Researchers have developed the first RAG-based legal question-answering system for the Nepali language, targeting a domain where AI tools have been largely absent due to limited training data. The system retrieves relevant legal documents using BM25 and multilingual E5 large models applied to chunked case law texts from the Nepal Kanun Patrika archive. BM25 retrieval achieved a top precision-at-one of 91 percent, while the multilingual E5 large model reached up to 75 percent. Generated answers were evaluated at 74 percent groundedness, 85 percent truthfulness by an automated judge, and 84 percent truthfulness by human evaluators, with a 92 percent successful answer generation rate.

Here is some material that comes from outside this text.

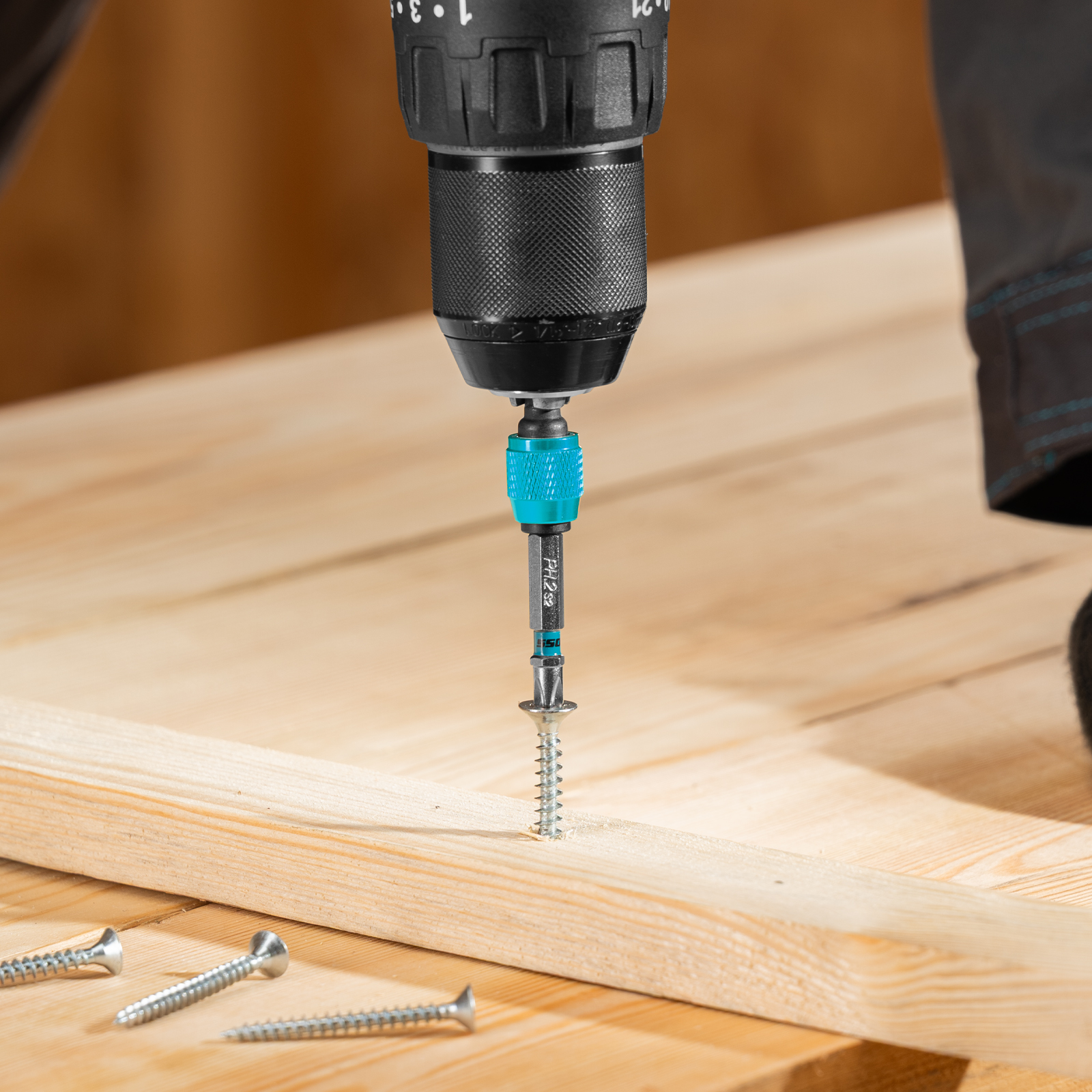 - Удобная эксплуатация — намагниченные шлицы облегчают работу и позволяют направлять шуруповерт с насаженным крепежом одной рукой, а другой придерживать закрепляемую деталь.

The study argues these results demonstrate that RAG pipelines can meaningfully close the gap in legal AI for low-resource languages, providing a replicable framework for similar underserved legal systems.

What's missing

The study does not detail the size or diversity of the case law dataset used, potential biases in the Nepal Kanun Patrika archive's coverage, how the system performs on out-of-domain or ambiguous legal queries, or whether the automated judge model was validated against broader human evaluation benchmarks. The generalizability of these results to other low-resource languages or legal jurisdictions is also not addressed.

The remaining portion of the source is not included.